When Charles saw Alfonso’s deserted home, La Poggio Reale (royal hill), he was speechless. In modern parlance, blown away. French art and architecture could not hold a candle to that of Florence, Milan and Naples. Compared with Italy, France was, culturally speaking, backward. Alfonso, a cultured man of impeccable taste, a devotee of the Renaissance, had created a beautiful palazzo. It had arcaded courtyards, shaded avenues, splendid fishponds and fountains, a sunken centre that was flooded for astonishing water spectacles powered by sophisticated hydraulics.
One side of the beautiful gardens opened onto a spectacular, uninterrupted, view of Mount Vesuvius. Charles, born into royalty, used to the splendour of Court, born and brought up in Château Amboise, had never seen anything like them. He was so enthralled, he asked the designer, Dom Pacello Mazzarotta da Mercogliano, to return to Amboise with him. Charles had set his heart on an Italian Garden. Dom Pacello designed one for him at the nearby Château Gaillard.
When Charles came home, he brought with him eighteen men and two women, gifted in their own fields. Among them were artists, sculptors, architects, carpenters, stained glass workers, potters, stonemasons, a parrot keeper and Europe’s most famous landscape gardener, Dom Pacello.

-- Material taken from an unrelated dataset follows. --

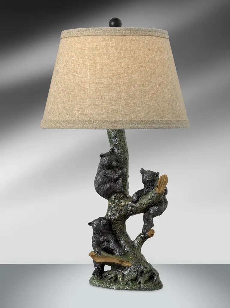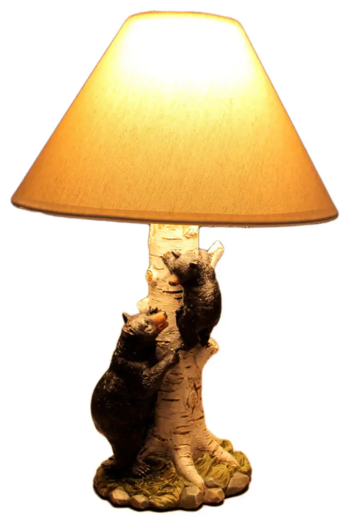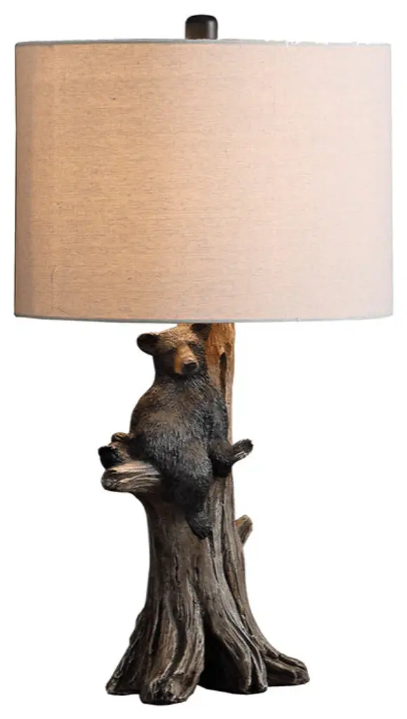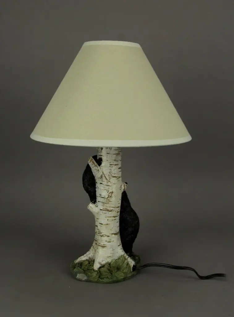 OVERALL SIZE - 17 Inches High, 6.25 Inches Long, 5.25 Inches WideCreatively Cast in Resin in a Black and White Hand Painted Finish that Takes On a Lifelike Look Featuring a Pair of Black Bears Climbing a White Birch TreeTopped with a 6.75 inch High, 12 inch Diameter Beige Hardback ShadeUL Approved and Accepts (1) Type A Bulb Up to 45 Watts (not included)Brings a Warm Glow and a Rustic Touch of Wildlife to Any Home Decor SettingA black bear watches close as she teaches her cub to climb a white birch tree. Creatively in resin in a beautifully sculpted life-like finish, this lamp will add a bit of wilderness fun to any room. The hand painted finish brings out in incredible detail the realistic features of the bears, tree, and surrounding greenery. The 17 inch tall, 6.25 inch long, 5.25 inch wide lamp includes a beige hardback shade to complete the rustic look. It''s UL approved and accepts a Type A bulb up to 45 watts, not included. The lamp casts a lovely light and brings a warm inviting glow and a rustic touch of wildlife to any home decor setting.
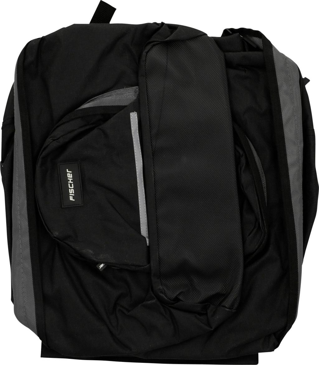 A FISCHER csomagtartó táska praktikus, vízálló esővédővel van felszerelve. Ez egy 3 rekeszes csomagolótáska felső zsebbel. A felső zseb hátizsákként is használható. A táska egy integrált pánttal biztonságosan rögzíthető a csomagtartóra. A hátizsák teljes hevederrendszerrel rendelkezik. A biztonságot sem hanyagolják el a fényvisszaverő csíkok. Űrtartalma kb 58 liter.

Sadly, Charles, a pleasant young man nicknamed by his subjects Charles the Affable, did not live to see his Italian dream come to fruition. He died tragically, in the true sense of the word, long before his time. He was twenty-eight. Many Royals were tennis fans. Charles was no exception. On his way to see a match at Château Amboise he, as so many of us do, misjudged the height of an arch and struck his head a mighty blow on the lintel. He managed to watch the match but died hours later from a massive brain haemorrhage.